Lorsque les journalistes ont demandé pourquoi ils devaient baisser les stores, Trump a répondu plus tard qu'ils étaient « probablement dans un vol dangereux », ajoutant : « Mais si j'y vais, vous y allez. Pas vrai ? ».
Pendant ce temps, le C-32A, utilisant l'indicatif d'appel « Reach 18 » plutôt que la désignation Air Force One, a décollé pour le Royaume-Uni. L'opération a permis de dissimuler l'emplacement réel de Trump pendant plusieurs heures.
L'ARRIVÉE EN ANGLETERRE
Le C-32A est arrivé à RAF Mildenhall vers 22h20, suivi quelques minutes plus tard par l'Air Force One.
Trump a ensuite été discrètement transféré de l'avion militaire vers l'ancien Air Force One, avant de descendre les escaliers sous les yeux des photographes. La supercherie était parfaite : les journalistes, la presse et le monde entier ont cru que le président avait voyagé à bord de l'Air Force One.
LE PRÉCÉDENT BILL CLINTON
L'utilisation de l'Air Force One comme leurre n'est pas sans précédent. En 2000, le président Bill Clinton avait utilisé un stratagème similaire lors d'une visite au Pakistan, où il avait voyagé à bord d'un avion d'affaires non marqué tandis que l'Air Force One servait de leurre.

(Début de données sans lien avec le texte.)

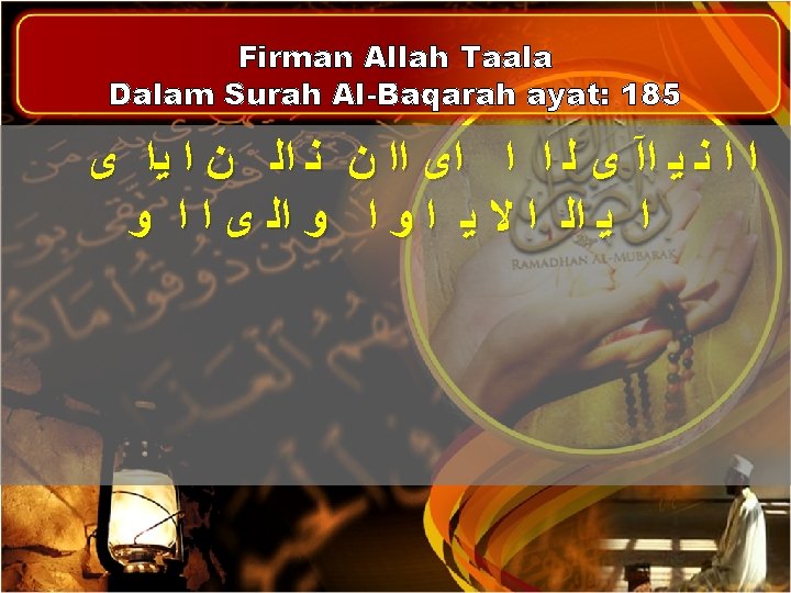 sambungan…. …Allah menghendaki kemudahan bagimu, dan tidak menghendaki kesukaran bagimu. Dan supaya kamu cukupkan bilangan puasa (sebulan Ramadhan), dan supaya kamu membesarkan Allah kerana mendapat petunjuk. Nya, dan supaya kamu bersyukur”.

Mais l'opération de Trump, impliquant un transfert via un camion de restauration, est d'une audace rare.
LA RÉACTION DE LA MAISON-BLANCHE
Interrogée sur cette opération, la Maison-Blanche n'a pas confirmé tous les détails, mais a défendu la décision de Trump. Le directeur de la communication Steven Cheung a déclaré que « les États-Unis utilisent tous les moyens disponibles, y compris la distraction et la désinformation, pour répondre aux menaces visant le président ».
Cheung a également défendu l'avion offert par le Qatar, affirmant qu'il était équipé de protocoles de sécurité de haut niveau.
Trump lui-même a reconnu la menace, déclarant aux journalistes qu'il y a une « menace tout le temps » contre sa vie et qu'il est « numéro un » sur la liste de l'Iran.
LES QUESTIONS SANS RÉPONSE
L'opération, bien que spectaculaire, soulève des questions. Pourquoi la menace iranienne était-elle considérée comme si crédible ? Comment Trump a-t-il été transféré du C-32A à l'Air Force One à son arrivée en Angleterre ? Le Washington Post n'a pas pu déterminer comment cette transition s'est opérée.
Le Pentagone a renvoyé les questions à la Maison-Blanche, qui est restée discrète.
L'opération de « déception » qui a permis à Donald Trump de quitter secrètement la Turquie est un témoignage de la paranoïa sécuritaire qui règne à la Maison-Blanche. Entre la menace iranienne, le stratagème du camion de restauration et le leurre de l'Air Force One, cette histoire a tout d'un thriller hollywoodien. Une chose est sûre : les ennemis de l'Amérique ont désormais compris que la Maison-Blanche est prête à tout pour protéger son président.